Muscle pain or myalgia can be described as cramping and aching pain that originates in any muscle of the body, explained Professor Natalie Schellack et al. (The management of muscle pain published in volume 4 of SA Pharmaceutical Journal). “The pain can be in one targeted area or across many muscles, usually as a result of overexertion or overuse of these muscles.
“Myalgia may also occur without primary trauma and this is frequently associated with a viral infection. The severity of pain can range from mild to severe, depending on the cause,” said Prof Schellack. The pain can be acute or chronic, focal, or diffuse, in musculoskeletal or associated neural tissues. According to the International Association for the Study of Pain, symptoms include:
- Local symptoms of widespread and persistent pain
- Peripheral nerve irritation
- Limited motion and stiffness
“Muscle pain can be caused by stress, tension, or physical activity,” said Prof Schellack. “Some medical conditions known to cause muscle pain include infections, hyper- or hypothyroidism, hypokalaemia, autoimmune conditions such as lupus, and side-effects of certain medications (e.g. statins).
MANAGEMENT OF MUSCLE PAIN
In Pain Management in Special Circumstances, authors Ahmed El Geziry et al. explained that the goals of non-pharmacological interventions are to decrease fear, distress, and anxiety, and to reduce pain and provide patients with a sense of control. “When deciding the most effective non-pharmacological technique, take into consideration the patient’s age, developmental level, medical history and prior experiences, current degree of pain, and/or anticipated pain. The advantage of non-pharmacological treatments is that they are relatively inexpensive and safe,” the authors said.

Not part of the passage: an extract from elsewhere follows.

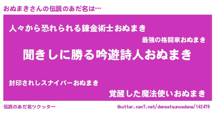 | 意味不明あだ名 | 『永久保存おぬまき』『自称おぬまき』 |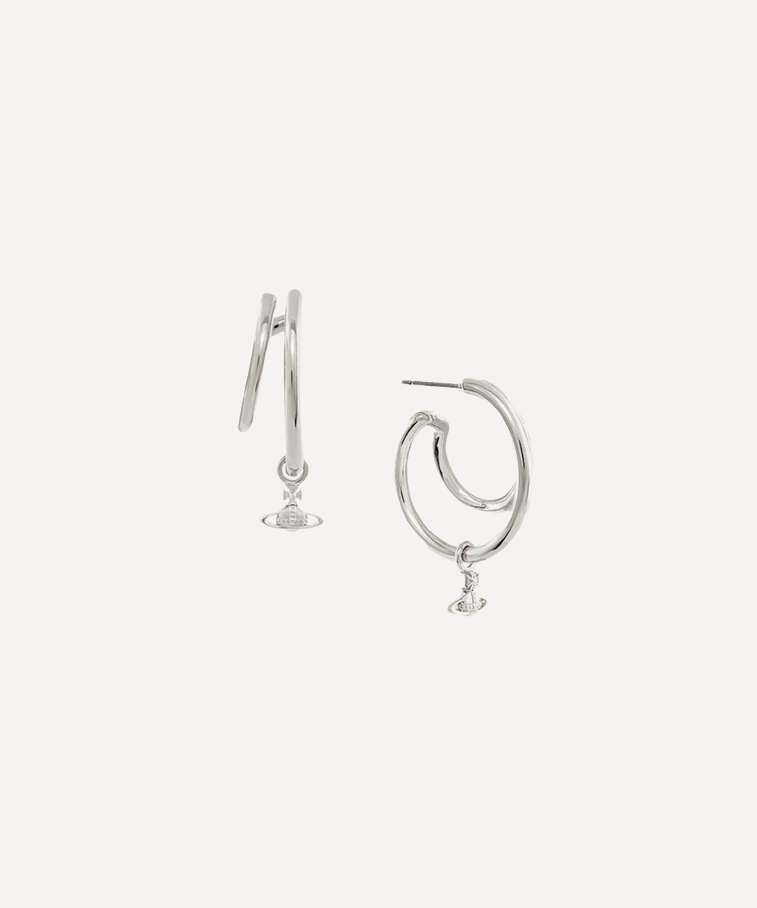 Channelling the brand’s rebellious spirit and individuality, each earring is made from platinum-tone brass, featuring a double hoop adorned with the house’s iconic cross-topped orb and Saturn ring charm drop. Wear this statement-making pair on their own, incorporate them into a stack, or pair with matching pieces from the brand for a co-ordinating look.

Fortunately, when non-pharmacological interventions aren’t enough, there are various classes of medicines that may be used in the management of muscle pain and injury. The two most common classes include narcotic analgesics and non-narcotic analgesics. “These agents have different mechanisms of action and will therefore have different side effects which should be taken into consideration when dispensing these agents to patients,” said Prof Schellack. Relevant analgesics can be taken orally (tablet or syrup), or topically (gel, cream, or patch). The benefit of topical application is that it provides localised pain relief.
- Non-narcotic analgesics: There are several non-narcotic analgesic agents available on the market for the management of pain. These medicines include paracetamol and NSAIDs like ibuprofen and diclofenac. Used to treat mild to moderate pain, when used in combination with a narcotic analgesic, these medicines can be used to manage severe pain.
- Narcotic analgesics: The third step in the pain treatment ladder, these provide analgesia for moderate to severe pain for the vast majority of patients and with a wide margin of safety Prof Schellack said. “This group includes codeine, morphine, oxycodone, methadone, fentanyl, and pethidine. Opioids can be divided into weak and strong opioids. Weak opioids are used alone or in combination with other analgesics, in the management of moderate pain. Strong opioids are usually reserved for severe pain.”
ADJUVANTS: “Adjuvant therapy is sometimes necessary to manage the side effects of pain medication, provide symptom relief, treat anxiety, and manage related or underlying conditions,” Prof Schellack explained. “This is because patients with chronic pain are more likely to report anxiety, depression, neuropathic pain, and significant activity limitations. Examples of adjuvant medicines include corticosteroids, anxiolytics, antidepressants, hypnotics, and anticonvulsants/antiepileptic agents.”